31. Lord Simon at page 220 of Glaisdale spoke to similar effect:

    “…But this is one of those cases where a balance of probabilities is not the correct test. If the appellant showed any substantial (i.e. not merely fanciful) possibility of a resumption of cohabitation she was entitled to compensation for being deprived of that possibility. The damages would, of course, be scaled down from those payable to a dependant spouse of a stable union, according as the possibility became progressively more remote. But she would still e entitled to some down to the point where the possibility was so fanciful and remote as to be de minimis.”

32. The assessment of future losses is, on occasion, a matter of mathematical calculation.
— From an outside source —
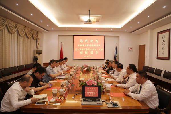 5月23日下午,江苏省教育厅副厅长苏春海,昆山市委常委、高新区党工委书记、管委会主任管凤良等领导莅校视察指导工作,江苏省考试院、昆山市教育局等有关领导陪同视察。我院李先立执行董事、郑家泰荣誉院长和全体院领导出席座谈会并作了汇报交流。座谈会由王振州常务副院长主持。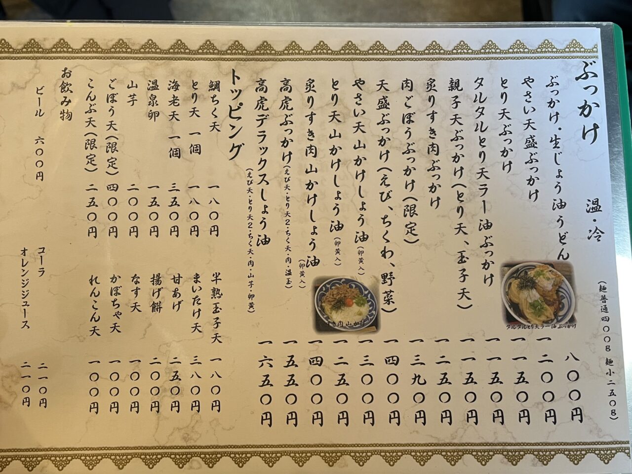 ぶっかけうどんの種類も豊富にそろっています。

In certain cases, the courts are accustomed to resorting to the evidence of actuaries, who are expert in calculating the present capitalised value of a combination of future events of greater or lesser likelihood. They can build in allowance for the occurrence of a variety of possibilities including likely age of death or retirement. Nobody suggests that their calculations must be posited on the probable as distinct from the possible happening of each event. Their reports would be deeply flawed if they were.

33. In my view, the plaintiff should receive an award for the loss of the opportunity to be advised correctly and treated accordingly. Taking this element together with the element of aggravation of damage by the judgment of McCracken J, I believe the sum of €100,000 represents to correct level of the award. I would, therefore, dismiss the appeal and allow the cross appeal substituting the sum of €100, 000 for the sum of €45,000 awarded in the High Court, that increased sum to include both compensation for the loss of life expectancy and the aggravation of damage dealt with in the judgment of McCracken J.